--- Task instructions ---
Among the entries below, which lines run from the line with "이 열차는 강릉에서 저녁까지" through the line with "Look sophisticated and"? Retype those, both ends included, exactly and without pictures.

--- Data shown ---
-=-=-

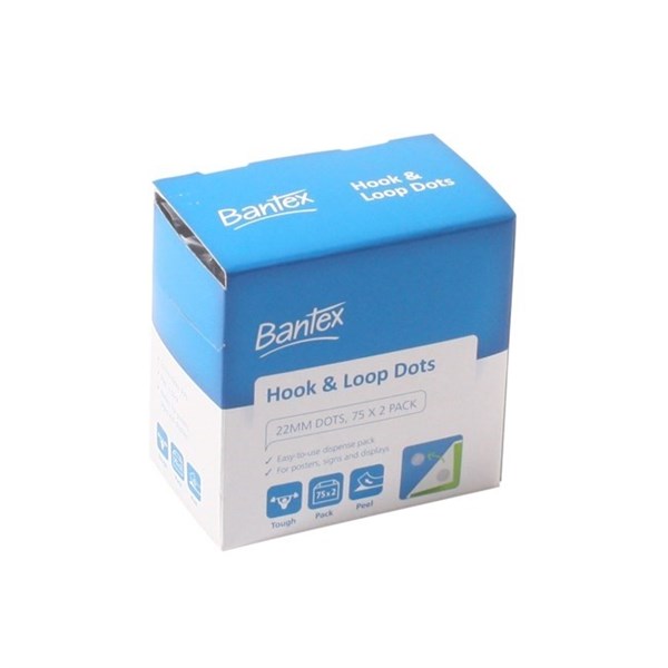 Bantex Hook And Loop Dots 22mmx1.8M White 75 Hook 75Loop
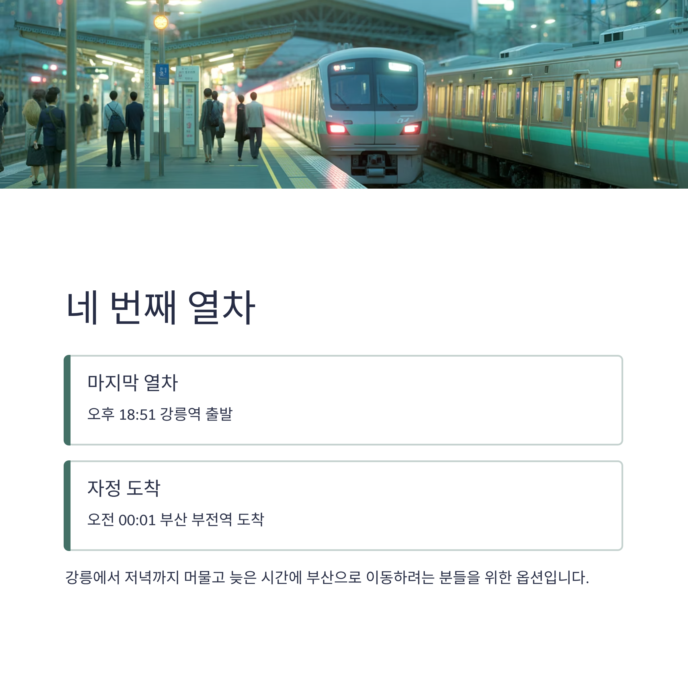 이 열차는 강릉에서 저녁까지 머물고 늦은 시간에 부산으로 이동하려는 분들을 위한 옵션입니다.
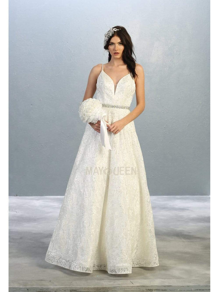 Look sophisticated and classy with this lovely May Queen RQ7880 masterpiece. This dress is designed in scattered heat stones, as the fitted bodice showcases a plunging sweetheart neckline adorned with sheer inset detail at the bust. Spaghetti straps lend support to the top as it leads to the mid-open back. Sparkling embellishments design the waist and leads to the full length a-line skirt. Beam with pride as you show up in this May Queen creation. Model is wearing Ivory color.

-=-=-

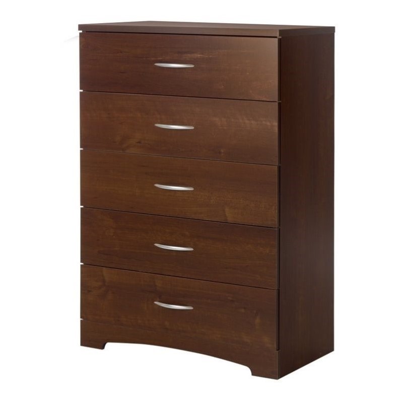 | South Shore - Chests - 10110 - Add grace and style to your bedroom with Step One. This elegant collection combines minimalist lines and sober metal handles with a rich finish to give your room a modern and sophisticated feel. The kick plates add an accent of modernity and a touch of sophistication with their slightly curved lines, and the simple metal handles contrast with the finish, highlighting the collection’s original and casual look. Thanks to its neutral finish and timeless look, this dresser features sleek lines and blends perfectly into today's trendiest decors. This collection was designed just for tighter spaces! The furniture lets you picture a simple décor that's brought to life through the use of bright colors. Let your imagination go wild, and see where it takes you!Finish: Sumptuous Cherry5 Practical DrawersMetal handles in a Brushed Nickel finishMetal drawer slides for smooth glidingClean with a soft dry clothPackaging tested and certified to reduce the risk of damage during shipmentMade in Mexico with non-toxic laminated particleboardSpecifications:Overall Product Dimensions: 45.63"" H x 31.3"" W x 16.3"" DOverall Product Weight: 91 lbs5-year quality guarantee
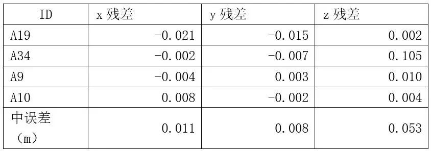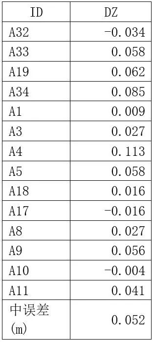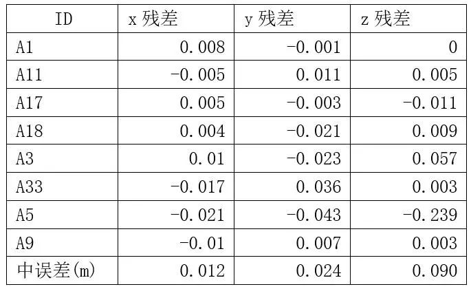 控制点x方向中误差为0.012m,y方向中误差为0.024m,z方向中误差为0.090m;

-=-=-

--- Result of this exercise ---
 이 열차는 강릉에서 저녁까지 머물고 늦은 시간에 부산으로 이동하려는 분들을 위한 옵션입니다.
 Look sophisticated and classy with this lovely May Queen RQ7880 masterpiece. This dress is designed in scattered heat stones, as the fitted bodice showcases a plunging sweetheart neckline adorned with sheer inset detail at the bust. Spaghetti straps lend support to the top as it leads to the mid-open back. Sparkling embellishments design the waist and leads to the full length a-line skirt. Beam with pride as you show up in this May Queen creation. Model is wearing Ivory color.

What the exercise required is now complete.